Now, Caven and the designers at WATG are turning their attention to the possibilities that go beyond the cutting-edge design enabled by the technology. Bryan Algeo, who has shepherded projects that fit seamlessly into the cultural, environmental, and commercial desires of clients in 20 countries, says this flexible 3D printing will transform residential and resort design over the coming decade. “With this technology, we can be both resilient for the planet and creative for our clients. It’s a win for the environment and a win for our design process.”
Algeo and Caven see Branch’s technology coupled with WATG’s worldwide design experience giving rise to a new way of building that will land a lighter footprint on sensitive landscapes. In remote locales, Algeo notes, skilled labor often has to be imported and housed on a construction site, which is costly, time-consuming, and disruptive to the environment. With 3D printing, pieces could be built off-site and shipped to solve those problems. The structures could be organic, designed to fit with the topography, not just imposed on the site. The process is greener, with literally no construction waste. “We often find ourselves in remote, pristine locations,” Algeo says. “Many times there aren’t skilled workers and contractors and the materials required to produce these structures. It takes a lot of people to build these places. And that can end up permanently damaging the land.” Having a robot build the pieces of a structure makes custom-design on a mass scale cost-effective, they note. “It’s a game-changer for architects and designers,” Caven adds. Hotel rooms, for instance, could be customized with prefabricated walls, giving each one that individual touch.
Algeo imagines habitats for resort clients that can be ferried from place to place as demand ebbs and flows, perhaps from a mountaintop in summer to the desert in winter. “They can be fairly lightweight, move with the seasons, and increase the occupancy of a destination,” he adds.
There’s precedent.

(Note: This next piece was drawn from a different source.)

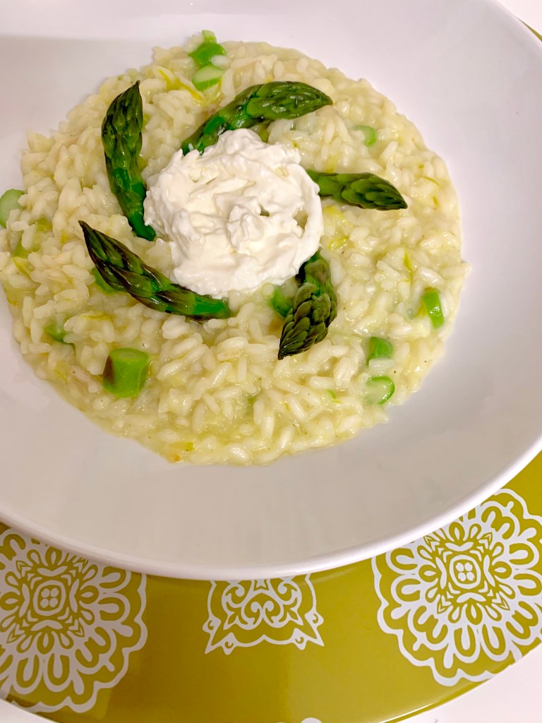 - A metà cottura dopo circa 10 minuti aggiungere al risotto gli asparagi tagliati a rondelle (non le punte).

Branch has used the technology to create the world’s largest free‐form, 3D‐printed hanging garden installation, “Nature Clouds,” at Chicago’s Field Museum of Natural History, an open pavilion for a Nashville community lawn that spans 42 feet, and the prototype of a Mars habitat for NASA.

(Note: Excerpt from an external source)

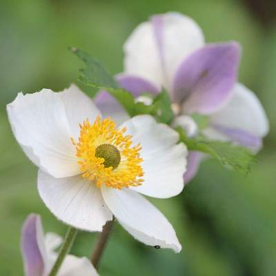 Анемона Elfin Swan (Elfin Swan). Цветки маленькие, чашевидные белые, с наружной стороны фиолетовые. Высота листьев 30 см, высота цветоносов 40 см.

When people start looking for places to go as the travel faucet slowly reopens, they likely will be looking for more remote destinations, perhaps aiming to connect with nature in the mountains of California, the shoreline of Mexico, or the rainforest of Costa Rica. Designing and building with 3D printing could pave the way to develop appealing new ways for resorts to build the kind of remote, intimate lodging travelers will seek without damaging their natural appeal. “The essence of this is letting people experience these places in their natural state,” Algeo says.
“We’re seeing the beginning stages of this transition to usher this technology into the world.”
For WATG, Caven’s work with Branch Technology over the past four years puts the firm on the leading edge of transforming construction techniques largely unchanged for centuries. Branch’s Boyd likens 3D printing technology today to the eve of the microchip age decades ago. “It’s really exciting,” he says. “We’re seeing the beginning stages of this transition to usher this technology into the world.”
For Curve Appeal, Caven and the Branch teamed to work through the structural engineering challenges, keeping the design intact. The house is a sort of puzzle of oddly-shaped Lego pieces, 130 parts in all ranging anywhere from eight to 27 feet long that took from hours to days to print.
It’s an example of the craftsmanship made possible by merging a designer’s unfettered imagination with the endless possibilities of robot construction. Man and machine building what only a few years ago seemed impossible. The Curve Appeal house that will be completed later this year is an uncompromising result of WATG’s design team’s vision.
“It’s such an amazing thing,” Caven says. “We’re coming to a new phase in architecture.”